Sample space = {(1,1) (1,2) (1,3) (1,4) (1,5) (1,6) (2,1) (2,2) (2,3) (2,4) (2,5) (2,6) (3,1) (3,2) (3,3) (3,4) (3,5) (3,6) (4,1) (4,2) (4,3) (4,4) (4,5) (4,6) (5,1) (5,2) (5,3) (5,4) (5,5) (5,6) (6,1) (6,2) (6,3) (6,4) (6,5) (6,6)}.

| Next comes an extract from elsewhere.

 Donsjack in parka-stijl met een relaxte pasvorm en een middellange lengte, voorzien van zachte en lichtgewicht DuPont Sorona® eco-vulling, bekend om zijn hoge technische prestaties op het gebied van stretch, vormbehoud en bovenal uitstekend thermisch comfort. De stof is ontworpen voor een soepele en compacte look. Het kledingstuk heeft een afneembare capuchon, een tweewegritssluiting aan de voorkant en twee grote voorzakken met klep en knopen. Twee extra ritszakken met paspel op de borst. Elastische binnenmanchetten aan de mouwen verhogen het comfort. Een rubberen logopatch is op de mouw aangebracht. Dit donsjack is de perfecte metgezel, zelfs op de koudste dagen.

No. of possible outcomes = 36

(i) Favourable outcomes for 5 to not come up either time are {(1,1) (1,2) (1,3) (1,4) (1,6) (2,1) (2,2) (2,3) (2,4) (2,6) (3,1) (3,2) (3,3) (3,4) (3,6) (4,1) (4,2) (4,3) (4,4) (4,6) (6,1) (6,2) (6,3) (6,4) (6,6)}

No. of favourable outcomes = 25

P(that 5 will not come up either time)

= $\dfrac{\text{No. of favourable outcomes}}{\text{No. of possible outcomes}} = \dfrac{25}{36}$.

Hence, the probability that 5 will not come up either time is $\dfrac{25}{36}$.

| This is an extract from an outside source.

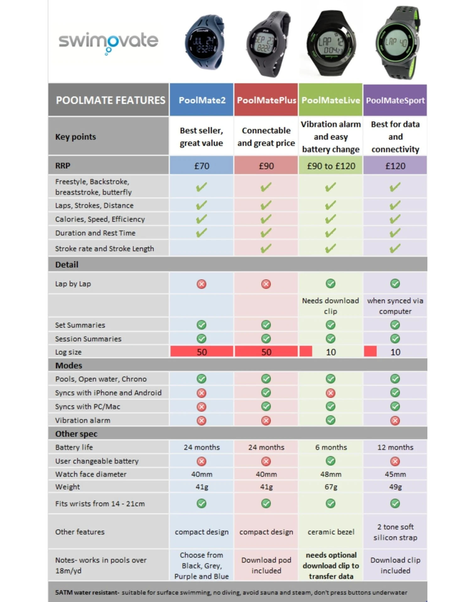 The PoolMatePlus contains a novel use of NFC technology to sync swim data to Android phone or tablet by briefly holding the watch to the device, no pairing is needed. Whether you swim in pools or open water, the PoolMatePlus will track and download your swims. Don’t have an Android phone, no worries, the PoolMatePlus comes with a download pod to plug into your PC or Mac to download your swim data to your computer. A simple calibration lap is all that’s required to set up the special open water mode, which uses the in-built accelerometer to work out the swim metrics. Using this method rather than GPS, which takes a lot of power and has difficulties operating in the water, means the PoolMatePlus has a battery life of over 2 years!

(ii) Favourable outcomes for 5 to come up at least once are {(1,5) (2,5) (3,5) (4,5) (5,1) (5,2) (5,3) (5,4) (5,5) (5,6) (6,5)}

No. of favourable outcomes = 11

P(that 5 will come up at least once)

= $\dfrac{\text{No. of favourable outcomes}}{\text{No. of possible outcomes}} = \dfrac{11}{36}$.

Hence, the probability that 5 will come up at least once is $\dfrac{11}{36}$.

Which of the following arguments are correct and which are not correct? Give reasons for your answer.

(i) If two coins are tossed simultaneously there are three possible outcomes—two heads, two tails or one of each. Therefore, for each of these outcomes, the probability is $\dfrac{1}{3}$.

(ii) If a die is thrown, there are two possible outcomes—an odd number or an even number. Therefore, the probability of getting an odd number is $\dfrac{1}{2}$.

Answer

(i) The above statement is incorrect.

We can classify the outcomes like this but they are not then 'equally likely'. Reason is that ‘one of each’ can result in two ways — from a head on first coin and tail on the second coin or from a tail on the first coin and head on the second coin. This makes it twice as likely as two heads (or two tails).

(ii) The above statement is correct.

As, on tossing a die,

Sample space = {1, 2, 3, 4, 5, 6}.

Total possible outcomes = 6

Odd numbers = 3 {1, 3, 5}

Even numbers = 3 {2, 4, 6}.

P(odd numbers) = P(even numbers) = $\dfrac{3}{6} = \dfrac{1}{2}$.